* INFORMATION SHOWN *
%%

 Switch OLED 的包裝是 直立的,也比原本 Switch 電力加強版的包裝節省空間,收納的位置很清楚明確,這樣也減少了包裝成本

%%
%%

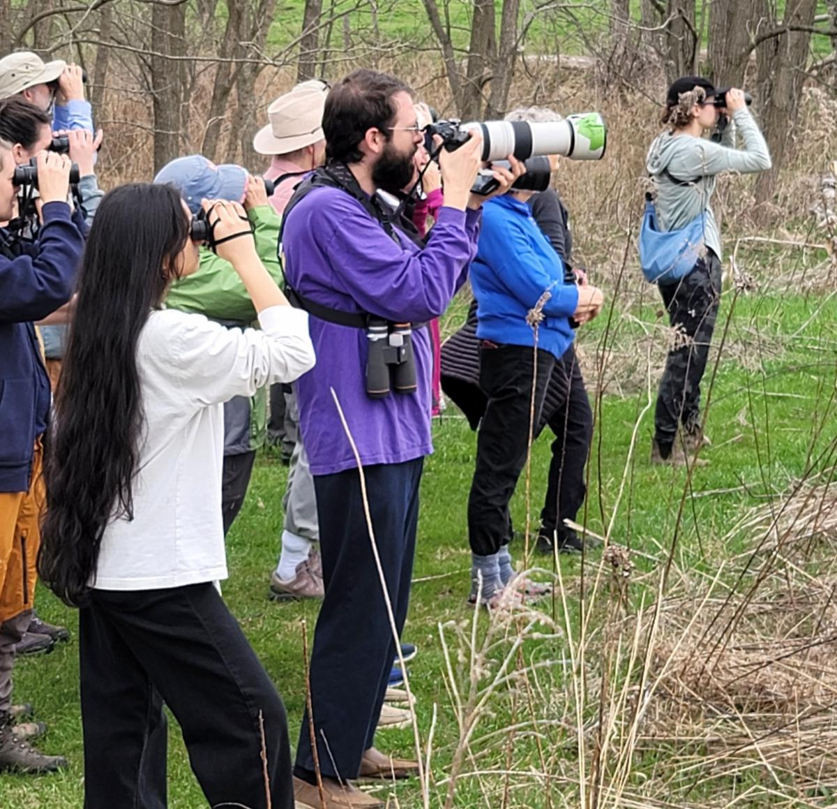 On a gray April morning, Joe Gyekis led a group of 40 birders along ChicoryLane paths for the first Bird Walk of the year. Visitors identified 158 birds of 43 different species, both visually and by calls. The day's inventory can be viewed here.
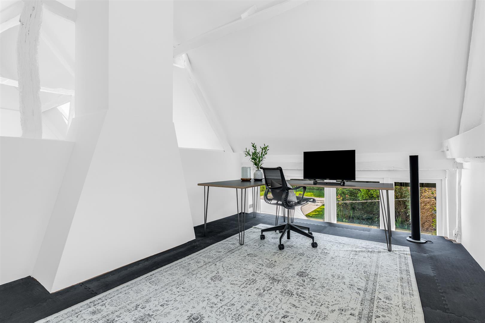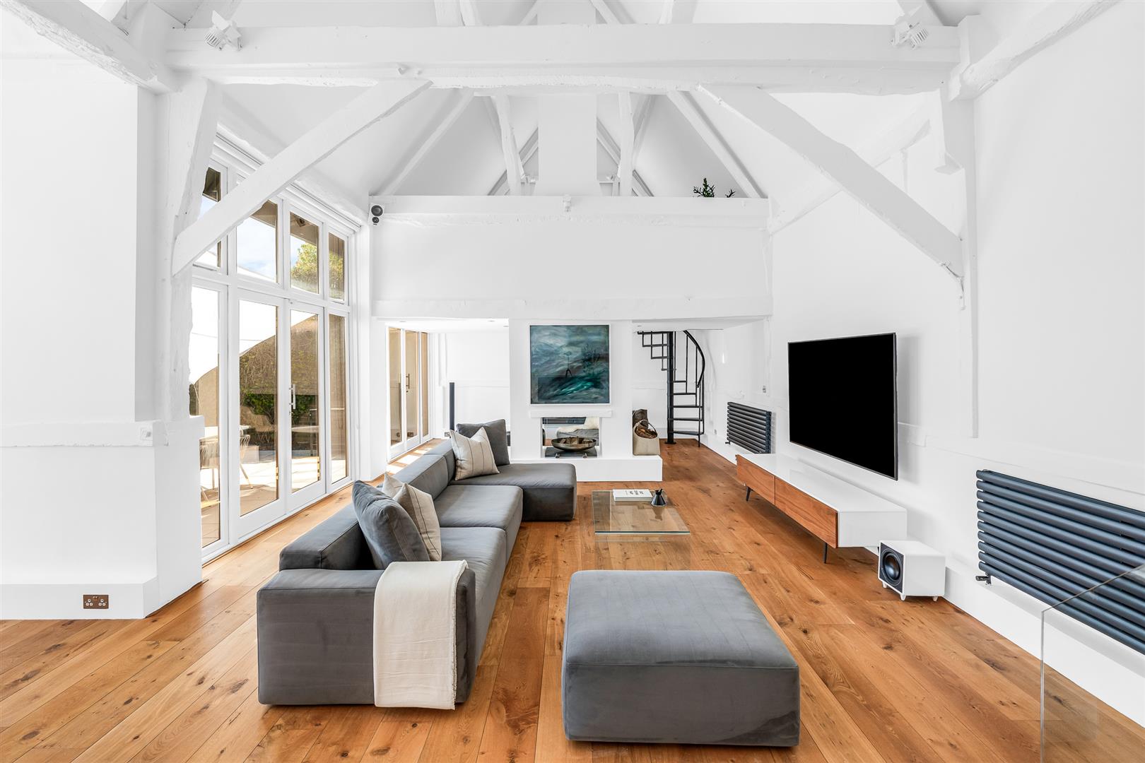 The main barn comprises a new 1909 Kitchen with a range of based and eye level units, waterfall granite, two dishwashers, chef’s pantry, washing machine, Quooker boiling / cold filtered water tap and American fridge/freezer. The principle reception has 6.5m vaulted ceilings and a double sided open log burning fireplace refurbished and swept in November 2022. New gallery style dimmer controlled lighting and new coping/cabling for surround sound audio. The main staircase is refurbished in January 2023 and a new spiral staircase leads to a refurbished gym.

%%

* ACTIVITY *
In the listing above, find the line containing "On a gray April" and the line containing "The main barn", then print exactly those two lines and every line between them, minus the pictures.

* SOLUTION BELOW *
 On a gray April morning, Joe Gyekis led a group of 40 birders along ChicoryLane paths for the first Bird Walk of the year. Visitors identified 158 birds of 43 different species, both visually and by calls. The day's inventory can be viewed here.
 The main barn comprises a new 1909 Kitchen with a range of based and eye level units, waterfall granite, two dishwashers, chef’s pantry, washing machine, Quooker boiling / cold filtered water tap and American fridge/freezer. The principle reception has 6.5m vaulted ceilings and a double sided open log burning fireplace refurbished and swept in November 2022. New gallery style dimmer controlled lighting and new coping/cabling for surround sound audio. The main staircase is refurbished in January 2023 and a new spiral staircase leads to a refurbished gym.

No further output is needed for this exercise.